TASK TO CARRY OUT:
Reproduce, word for word, the lines in the material below starting with the one that has "卒業式を明日に控えて、今日の" and going on through the one that has "酒店不大,景观也很有限,可能". Leave out all pictures.

RECORDS FOR THE TASK:
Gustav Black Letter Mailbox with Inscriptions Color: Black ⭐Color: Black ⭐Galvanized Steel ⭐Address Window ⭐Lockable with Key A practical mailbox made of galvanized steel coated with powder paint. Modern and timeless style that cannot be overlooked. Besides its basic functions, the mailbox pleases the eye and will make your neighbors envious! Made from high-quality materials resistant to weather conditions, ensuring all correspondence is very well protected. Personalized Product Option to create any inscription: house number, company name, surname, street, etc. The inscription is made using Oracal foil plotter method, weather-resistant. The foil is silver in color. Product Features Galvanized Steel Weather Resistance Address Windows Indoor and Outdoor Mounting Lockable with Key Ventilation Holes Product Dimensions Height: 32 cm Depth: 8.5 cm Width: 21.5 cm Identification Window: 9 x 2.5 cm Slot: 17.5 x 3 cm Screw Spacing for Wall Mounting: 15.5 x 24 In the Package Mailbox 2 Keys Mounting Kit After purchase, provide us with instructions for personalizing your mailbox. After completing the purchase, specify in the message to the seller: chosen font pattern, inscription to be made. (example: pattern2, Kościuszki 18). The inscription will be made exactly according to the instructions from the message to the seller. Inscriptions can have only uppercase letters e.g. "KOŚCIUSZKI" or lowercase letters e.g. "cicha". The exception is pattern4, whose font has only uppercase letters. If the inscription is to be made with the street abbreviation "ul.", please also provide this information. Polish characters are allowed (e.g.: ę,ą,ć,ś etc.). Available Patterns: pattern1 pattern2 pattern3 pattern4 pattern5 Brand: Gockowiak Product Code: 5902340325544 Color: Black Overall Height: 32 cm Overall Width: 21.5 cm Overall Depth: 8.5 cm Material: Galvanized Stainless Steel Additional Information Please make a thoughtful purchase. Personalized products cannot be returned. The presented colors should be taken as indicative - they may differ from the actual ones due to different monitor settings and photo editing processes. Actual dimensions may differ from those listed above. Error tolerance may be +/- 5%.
* * *
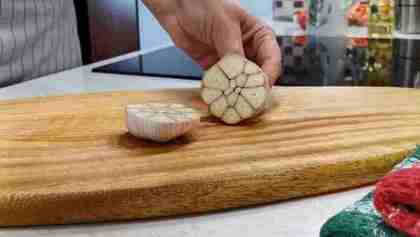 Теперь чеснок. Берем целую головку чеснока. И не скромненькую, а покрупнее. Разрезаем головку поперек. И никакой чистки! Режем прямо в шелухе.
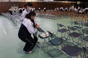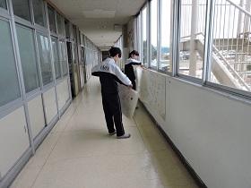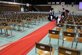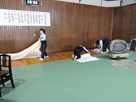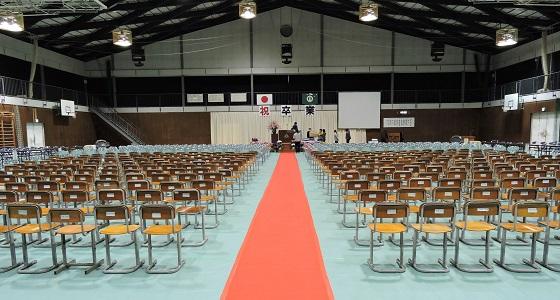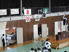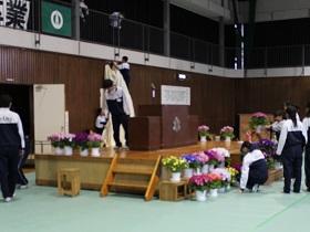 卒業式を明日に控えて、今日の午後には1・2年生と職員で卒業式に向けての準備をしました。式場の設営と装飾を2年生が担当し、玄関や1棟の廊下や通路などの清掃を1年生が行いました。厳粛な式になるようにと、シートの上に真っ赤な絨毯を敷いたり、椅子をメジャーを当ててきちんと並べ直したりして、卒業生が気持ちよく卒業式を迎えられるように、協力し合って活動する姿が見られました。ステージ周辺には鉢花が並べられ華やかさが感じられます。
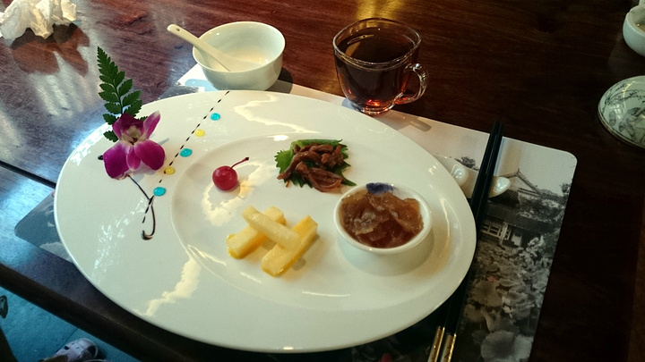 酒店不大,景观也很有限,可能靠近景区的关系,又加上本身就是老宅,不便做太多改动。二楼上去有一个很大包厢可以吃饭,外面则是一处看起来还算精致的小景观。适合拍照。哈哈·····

YOUR SOLUTION:
 卒業式を明日に控えて、今日の午後には1・2年生と職員で卒業式に向けての準備をしました。式場の設営と装飾を2年生が担当し、玄関や1棟の廊下や通路などの清掃を1年生が行いました。厳粛な式になるようにと、シートの上に真っ赤な絨毯を敷いたり、椅子をメジャーを当ててきちんと並べ直したりして、卒業生が気持ちよく卒業式を迎えられるように、協力し合って活動する姿が見られました。ステージ周辺には鉢花が並べられ華やかさが感じられます。
 酒店不大,景观也很有限,可能靠近景区的关系,又加上本身就是老宅,不便做太多改动。二楼上去有一个很大包厢可以吃饭,外面则是一处看起来还算精致的小景观。适合拍照。哈哈·····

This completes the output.